22 February 2009

Radicals in high places

There are times when I seem to have no impulse control. It often happens in bookstores. I was only passing time. Waiting for someone else to do something. The specifics are lost in a maze of trivia. But the book I bought while I intended to be "just waiting" is very much on my mind. Of course, I only finished reading it half an hour ago.

When I saw Laurie R. King's Touchstone on the shelf in paperback I was lost. Since I read Beekeeper's Apprentice back in 2001, I've been a sucker for her books. It doesn't seem to matter whether she's writing about Sherlock Holmes' replacement for dear old Dr. Watson, or the San Francisco detective, or the cult busting undercover agent, or an innocents' underground railroad, I've liked her books.

I was just grateful that the book had made it to paperback before I found it. I'm sure that saved me more than a dozen dollars. (Even so, a dozen dollars for the paperback makes me appreciate the 50¢ paperbacks of my youth.)

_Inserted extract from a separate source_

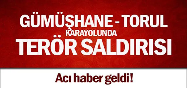 61SAAT HABER SERVİSİ - Gümüşhane’de bugün sabah saatlerinde terör olayı meydana geldi. Gümüşhane – Torul Karayolunda bugün sabah saatlerinde devriye görevine çıkan Jandarma aracına, bölgede pusu kuran PKK’lı teröristler tarafından ateş açıldı. Açılan ateşe Jandarma ekipleri anında karşılık verirken bölgede kısa süreli çatışma çıktı. Çıkan çatışmada 2 asker yaralandı. Takviye birliklerin bölgeye sevk edilmesinin ardından PKK’lı teröristler ormanlık araziden faydalanarak kaçtı. Yaralı 2 asker hastaneye kaldırılarak tedavi altına alınırken bölgede komando birliklerinin de katımıyla geniş çaplı operasyon başlatıldı. Bölgede operasyon sürerken, hastaneye kaldırılan askerlerimizden birinin şehit düştüğü bilgisi geldi.

Touchstone is a thriller set in mid-1920s England. An undercover FBI agent is paired with a British WWI veteran with PSTD. The veteran's sister is paired with Lady Hurleigh as progressive social activists. The veteran is also Lady Hurleigh's former suitor. The suit was ended by terrible, mostly psychological wounds the soldier suffered on a French battlefield. Lady Hurleigh is also paired with her current lover, a radical politician striving for legitimacy and political power. Lurking behind it all is a shadowy, semi-official intelligence agent who is planning to make Britain safe from reds and unrest, whether Britain wants that safety or not.

King tells the story quite slowly at first. It is a 550-page book. I slogged through the first half of the book. It could have used some energy and action. But the last third of the book makes up for the slowly-building tension. I had difficulty putting the book down while I read the last 100 pages.

I'd advise you to skim through the first half, but you'd might miss key elements that come into play later. You could probably live without them, but the ending does tie up all the loose ends -- well almost all. There could be a sequel, but it might be a romance novel.

Can you tell I liked this one? King has once again written a book I really like. She offers a believable picture of upper class English life and a plausible image of anti-Communist politics in J. Edgar's FBI and the infant MI5 of the 1920s.

I recommend it. Maybe this is the first recommendation for summer reading.